A writer in Le Quotidien de Paris wrote: "The much-feared pyramid has become adorable." The experience was exhausting for Pei, but also rewarding. "After the Louvre," he said later, "I thought no project would be too difficult." Eventually, the Louvre Pyramid has become Pei's most famous structure.
Described as thoroughly modernist, with significant cubist themes infused in his iconic designs Pei's architectural style is known for combining traditional architectural principles with progressive designs based on simple geometric patterns – circles, squares, and triangles are common elements of his work in both plan and elevation. As one critic writes: "Pei has been aptly described as combining a classical sense of form with a contemporary mastery of method."

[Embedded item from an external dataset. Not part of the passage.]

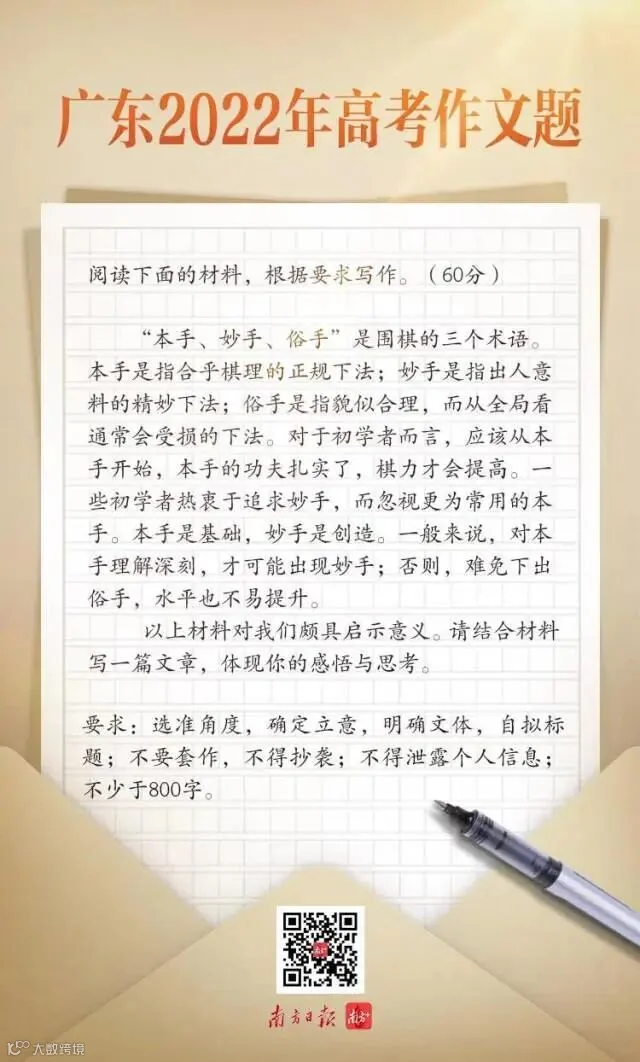 又逢高考日,备受关注的2022年广东高考作文题目新鲜出炉:
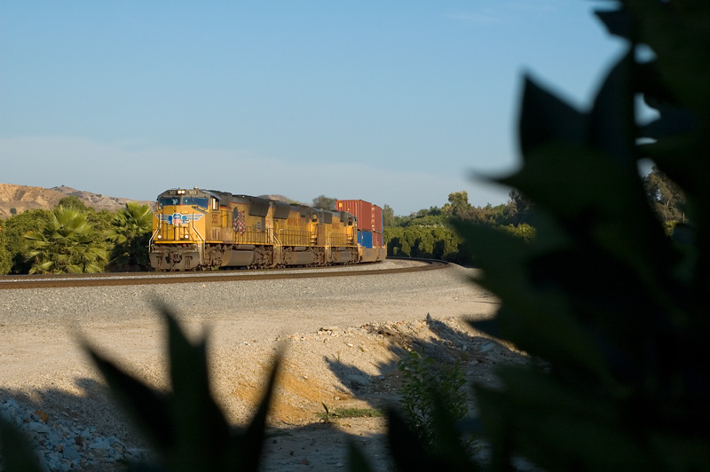 A trip of SD70Ms with a westbound double stack train drifts down hill through orange groves on the western face of Beaumont Hill.

Pei's work is celebrated throughout the world of architecture and in the words of his biographer, Pei has won "every award of any consequence in his art", including the Arnold Brunner Award from the National Institute of Arts and Letters (1963), the Gold Medal for Architecture from the American Academy of Arts and Letters (1979), the AIA Gold Medal (1979), the first Praemium Imperiale for Architecture from the Japan Art Association (1989), the Lifetime Achievement Award from the Cooper-Hewitt, National Design Museum, the 1998 Edward MacDowell Medal in the Arts, and the 2010 Royal Gold Medal from the Royal Institute of British Architects (RIBA).
In 1983 he was awarded the Pritzker Prize, sometimes called the Nobel Prize of architecture. In its citation, the jury said: "Ieoh Ming Pei has given this century some of its most beautiful interior spaces and exterior forms ... His versatility and skill in the use of materials approach the level of poetry."
Pei died in the New York City borough of Manhattan on 16 May 2019, at the age of 102.